Rio Group offers hope after Colombian incursion


BY NIALL CONNOLLY

A POSSIBLE all-out war pitching Venezuela and Ecuador against neighbouring Colombia has been averted after a meeting between the leaders of the three countries during a summit of Latin American and Caribbean states last week.
The crisis had been caused by the incursion by Colombian troops into Ecuador to attack a military base of the rebel FARC (Revolutionary Armed Forces of Colombia) in which Raul Reyes, the principal diplomat of the FARC, was killed along with 24 others on 1 March. Five students from the University of Mexico were amongst the dead and injured.  
Ecuador and Venezuela moved troops up to their borders with Colombia and a wider conflict looked possible over Colombia’s open violation of international law. However, at a meeting in the Dominican Republic last Friday, 7 March, of the Rio Group – representing 27 Latin American and Caribbean countries – the Venezuelan Minister of the Interior, Ramon Rodriquez Chacin, said that the border between Venezuela and Colombia is nearly back to normal. Ecuador’s President Rafael Correa announced that his government will “take its time” and will “co-ordinate with Venezuela” the normalising of relations with Colombia.  He said it will be “very difficult to recover the trust with the Colombian president, Alvero Uribe”.

TERRITORIAL INTEGRITY
At the meeting of the Rio Group, a declaration was agreed between the three governments that stated that “the territorial integrity of Ecuador was violated, therefore we reaffirm that the territory of a state cannot be violated or subject to military occupation or other aggressions by another state directly or indirectly, no matter what the motive”. The Colombian president promised not to repeat a similar act. In return, his Ecuadorean counterpart withdrew his demand for sanctions against Colombia.
During the meeting Venezuelan President Hugo Chavez said that “the road to peace and not the road to war” should be found.

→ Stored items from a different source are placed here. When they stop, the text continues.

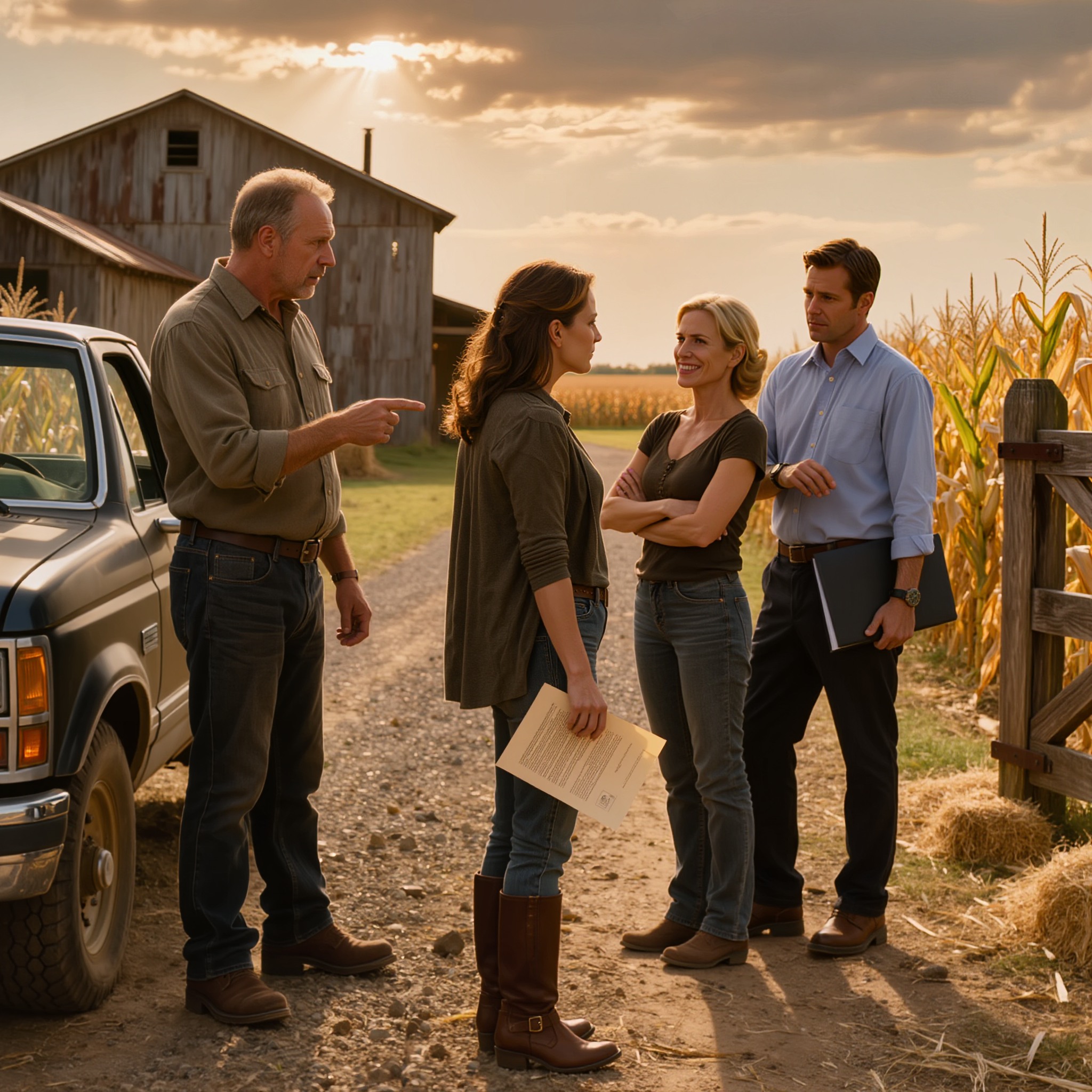 Derrière eux, un homme en chemise propre tenait un dossier et jetait sans cesse des coups d'œil à sa montre, comme si la vente de la ferme familiale n'était qu'un rendez-vous de plus. Je n'ai pas crié. Je n'ai pas demandé pourquoi d'une voix brisée. J'ai juste cligné des yeux et dit : « Vous l'avez vendue alors que la succession de grand-père n'est même pas réglée. »
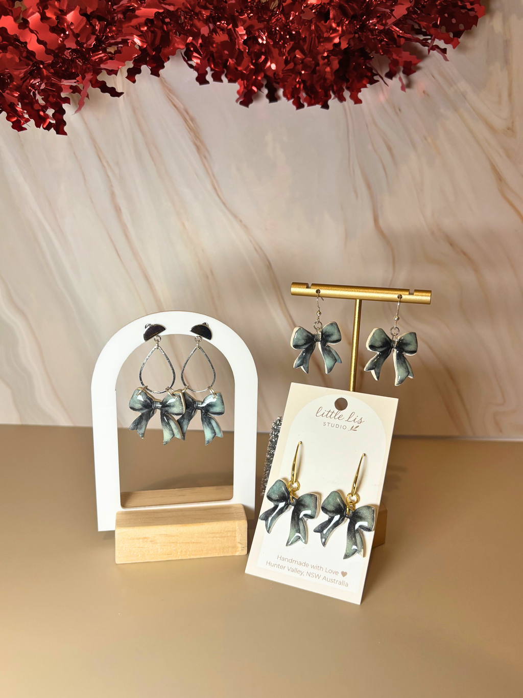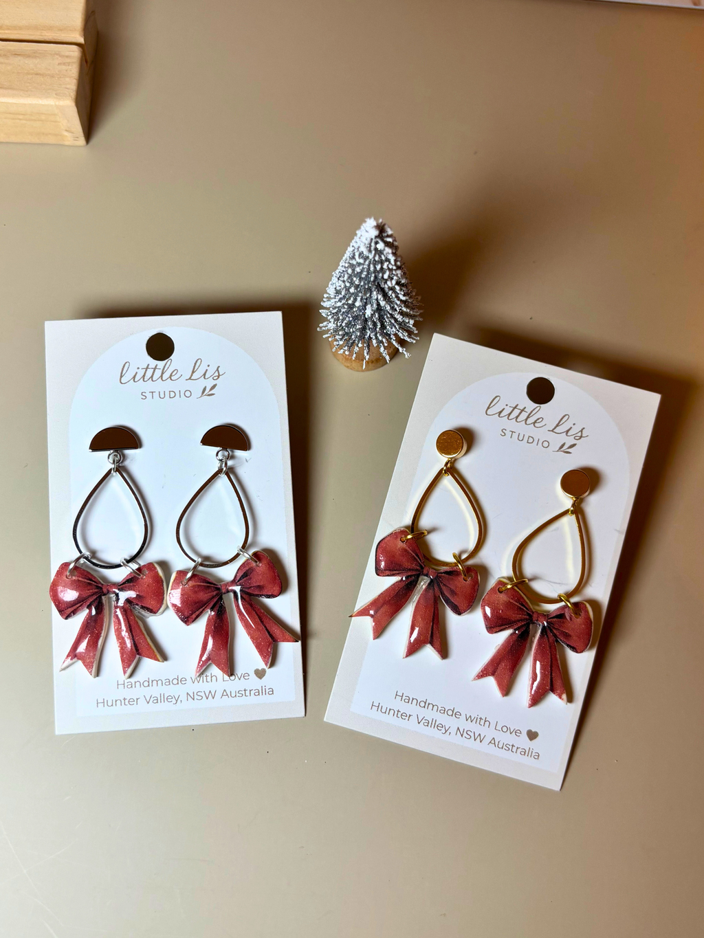 Handmade, light weight polymer clay Christmas themed bow earrings. Hypoallergenic silver or gold Hooks, Hoops & Studs.
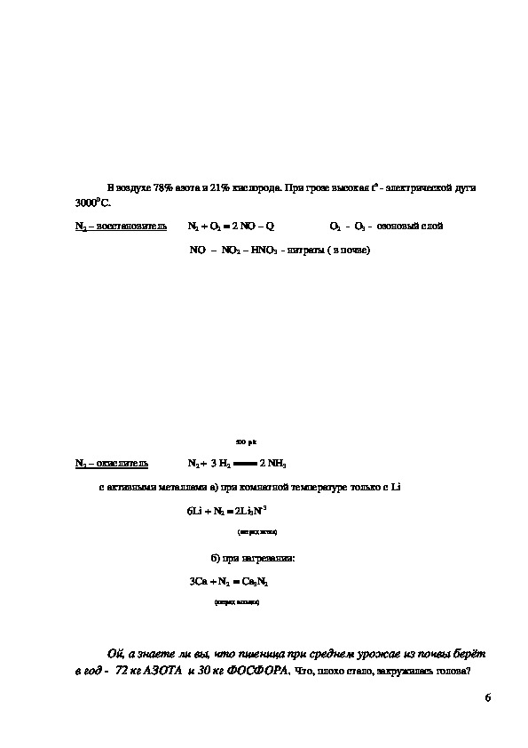 5В воздухе 78% азота и 21% кислорода. При грозе высокая to электрической дуги

He pointed out that although the Colombian president had made his apologies, he was justifying the right to attack “terrorism” wherever it may be, above the right to sovereign states, and Chavez pointed out that this is a North American doctrine.
Evo Morales, president of Bolivia, said: “We cannot allow conflicts to endanger Latin American integration.”
FARC’s Commandant Raul Reyes was killed along with 24 others three kilometres inside the Ecuadorean border on 1 March.  His body, along with the body of local commander Julian Conrado, was brought back by Colombian military forces to Bogota.  Ecuador’s Defence Minister, Wellington Sandoval, reported that the attack included the use of ‘smart bombs’.  “It is a bomb that hits within a metre of where it is programmed from high-velocity aeroplanes.” He said that, to get Raul Reyes, Colombia needs “equipment that Latin American armed forces do not have”.
A delegation from the Organisation of American States will visit the area where the incursion took place to verify what has happened.

PRISONERS
Raul Reyes was head of a FARC committee that is trying to rescue political prisoners from Colombian jails in exchange for some high-level captives held by the FARC, including Íngrid Betancourt.
A FARC statement said that Raul Reyes “died as he was trying to get into a meeting with [France’s] President Sarkozy, where progress would have been made in finding solutions to Íngrid Betancourt’s situation”. Ms Betancourt is a Colombian politician and French citizen being held prisoner by the FARC.
French Foreign Minister Bernard Kouchner said: “The death of Raul Reyes is not good news. It’s not good news when the man we were talking to has been killed.”
Ecuador’s President Correa indicated in a televised address the day after the attack that he had also been in intense discussions with Reyes over the release of 12 captives. He said, “I regret to inform you that the conversations were very advanced for the freeing in Ecuador of 12 hostages, among them Íngrid Betancourt,” before adding: “It was all frustrated by the militarist and authoritarian hands. We cannot discount that this was one of the motives of the [Colombian] incursion.”
Two days before the attack, French President Nicolas Sarkozy publicly announced that he was prepared to fly to the Colombian border to personally receive a very ill Íngrid Betancourt.
Raul Reyes (real name Luis Edgar Devia Silva) had been regarded as FARC’s number two leader and the possible successor to the 77-year-old Manuel Marulanda. A former trade union leader who joined the FARC in the 1970s, he travelled around Europe in 1999 with a former Colombian president and met with the chair of the New York Stock Exchange to promote Plan Colombia which was initially designed to attract financial aid to support the peace process but evolved into a military plan that was rejected by the FARC.
In an interview in the early 1990s Raul Reyes said:
“In Colombia, the Santa Fe document [a 1989 US State Department document] continues to be implemented in such a way that the death squads continue, in the way that there is an internal war where the political opposition to the regime is assassinated, where there is a criminalisation of social protest, where anybody who protests about hunger, thirst, the desire for education or to get a fair wage, if they have a job, or if you want to work and you can’t get employed, all are considered to be a subversive.”
The Rio Group’s 27 members do not include the USA. The fact that the Rio Group provided the mechanism where this crisis could be averted where the Organisation of American States failed suggests that one by-product of the death of Comandante Raul Reyes will bring the unity of Latin America another step closer.